Por essa ótica, condutora de todas as ações governamentais, a idéia do senador Eduardo Suplicy de anunciar, às lágrimas, da tribuna do Senado que assinaria o requerimento de apoio à CPI mesmo à custa da legenda para tentar renovar seu mandato em 2006, foi um tiro de canhão.
Adepta dos gestos teatrais, a cúpula petista/governista não pode reclamar. Contra amigos (inclusive Suplicy) e inimigos, usa e abusa do manejo de emoções e por isso mesmo deu-se tão bem com o jeito Duda Mendonça de conquistar eleitores.
O PT deu-se mal em campanhas presidenciais anteriores e, de dois anos e meio para cá, no Governo, sempre que pretendeu acreditar mais em seus atributos políticos do que em suas habilidades de despertar e alimentar sentimentos positivos na opinião pública.
Se quiser virar esse jogo, vai precisar mudar de rumo: de joelhos dobrados e braços dados com Roberto Jefferson, dando a Anthony Garotinho a chance de tripudiar sobre suas aflições, o Governo não chegará a lugar algum. No máximo, conseguirá dilapidar de vez – e sem possibilidade de retorno – seu patrimônio ético.
Foi exatamente isso que Suplicy, outros tantos senadores que passaram a semana diante das câmeras de TV Senado prestando contas ao eleitorado em defesa da investigação política e mais os deputados petistas que mantiveram suas assinaturas até o fim perceberam. Movimentaram-se para fora de uma canoa furada.
Se vão conseguir, é outra história. Mas estão tentando bravamente escapar do naufrágio moral que o Governo vem produzindo para si e não é de hoje.
Todo mundo sabe, o processo de dilapidação não começou com o caso da corrupção nos Correios.
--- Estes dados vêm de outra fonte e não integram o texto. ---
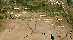 | Карана / Замаха (Karanā / Zamaḫâ) | Телль-эр-Римах (Tall al-Rimāḥ) | 36°15,58′ с. ш. 42°27,21′ в. д. | ||

O episódio, ao contrário, deu ao Palácio do Planalto várias chances para se redimir. Se não queria a investigação no Congresso, muito bem, fizesse então movimentos competentes para esvaziar a CPI – por exemplo, tomando desde o início da oposição essa bandeira – e não para tentar impedi-la na forma bruta e a golpes de ironia, prepotência, desvarios históricos, fisiologismo explícito, ameaças vãs.
Estas, pobres coitadas, soam patéticas em regimes democráticos. Neles, as instituições e a sociedade reagem de imediato, deixando seus autores isolados na ilusão de que podem mais do que realmente podem.
Anuncia-se nas versões "de bastidor" disseminadas a partir do Planalto que na volta da viagem à Ásia o presidente Luiz Inácio da Silva vai promover um "choque moral" na sua administração, reformar o ministério, demitir quem lhe macula a imagem, "requalificar" a base de apoio parlamentar, dar um basta na pressão, tratar a ferro e fogo os infiéis, recomeçar, enfim.
A menos que aqui no Brasil os auxiliares do presidente da República estejam desobedecendo às suas orientações, como crer na veracidade dessa disposição à mudança se os atos desmentem o discurso?
De nenhum líder no Congresso ou ministro se ouviu palavra no sentido de reconhecer o equívoco de tentar barrar a CPI distribuindo benesses oficiais, ameaçando acabar com o "pão-de-ló" dos aliados, semeando a instabilidade institucional.
Ao contrário, o que se viu na madrugada de ontem foram governistas se queixando da "falta de tempo" para comprar a retirada de mais assinaturas.
O que se viu e ouviu foram governistas anunciando o recurso a "todas as manobras regimentais" para postergar a instalação da CPI: contestação da existência de fato determinado e retirada do quorum das sessões, da mesma forma como o Governo vem obstruindo votações na Câmara porque discorda da pauta.
O que se viu e ouviu foram declarações de extermínio aos infiéis, ameaças de punições severas a petistas velhos de guerra, gente forjada na luta dos tempos adversos, cuja propositura agora é a de manutenção da fidelidade aos preceitos do partido.
Nesse diapasão, o Governo caminha célere para engrossar as fileiras de uma candidatura presidencial alternativa à reeleição de Lula, aos planos de Anthony Garotinho, aos projetos de retorno do PSDB, todos cenários previsíveis. Tal hipótese, dirá o leitor, é improvável, não se vislumbra no horizonte.
Mas a política não se move como se movem as nuvens, ao sabor do vento?
Pois aí é que está: nada é seguro, tudo se movimenta em função dos acontecimentos (os ventos) e da maneira como são percebidos pela sociedade e a ela comunicados.
É nessa batalha da comunicação e suas circunstâncias que o Governo perde terreno. Não dá mostras de conhecer o rumo da recuperação e prossegue cego e surdo à evidência de que em 2002 saiu-se dela vitorioso primeiro para só então ir buscar a glória nas urnas.